National Collection of Yeast Cultures
- Headquarters: Quadram Institute, Norwich Research Park, Norwich, United Kingdom
- Area served: Worldwide
- Services: Culture collection
- Parent: QIB Extra Ltd
- Website: http://www.ncyc.co.uk

= National Collection of Yeast Cultures =

The National Collection of Yeast Cultures (NCYC) is a British yeast culture collection based at the Norwich Research Park in Norwich, Norfolk, United Kingdom, that currently maintains a collection of over 4400 strains and operates under the Budapest Treaty.

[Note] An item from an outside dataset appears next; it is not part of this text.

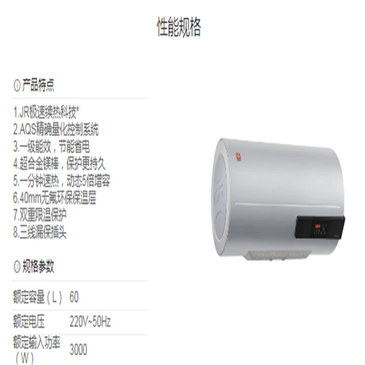 櫻花SEH-6015A JR系列電熱水器電熱水器儲水式速熱電熱水器產(chǎn)品參數(shù)

As well as the traditional baking and brewing yeast Saccharomyces cerevisiae, this culture collection also contains hundreds of non-pathogenic yeast species. The yeasts are kept frozen under liquid nitrogen or freeze-dried in glass ampoules. To ensure the collection's safety, it is also duplicated and stored off site. Yeasts have been stored and revived successfully decades later.

==History==

NCYC were founded in 1948 when a group of British brewers, who later formed the Brewing Industry Research Foundation, decided to store their yeast cultures in a single, safe deposit to ensure their longevity.

In 1981 NCYC evolved into a broader collection when it moved to Institute of Food Research. in Norwich, in which it collected food spoilage yeast which was able to evade the conventional food preservatives.

In 1999, the collection became a part of The United Kingdom National Culture Collection (UKNCC)., which was established to co-ordinate the activities of Britain’s national collections of microbial organisms.

In 2019, the collection moved to the new facility in Quadram Institute Biosciences in the Norwich Research Park where it is currently based.

NCYC trades under QIB Extra Ltd, a wholly owned commercial subsidiary of the Quadram Institute Bioscience, based at the Quadram Institute that specialises in bespoke research services for the food, health and allied industries.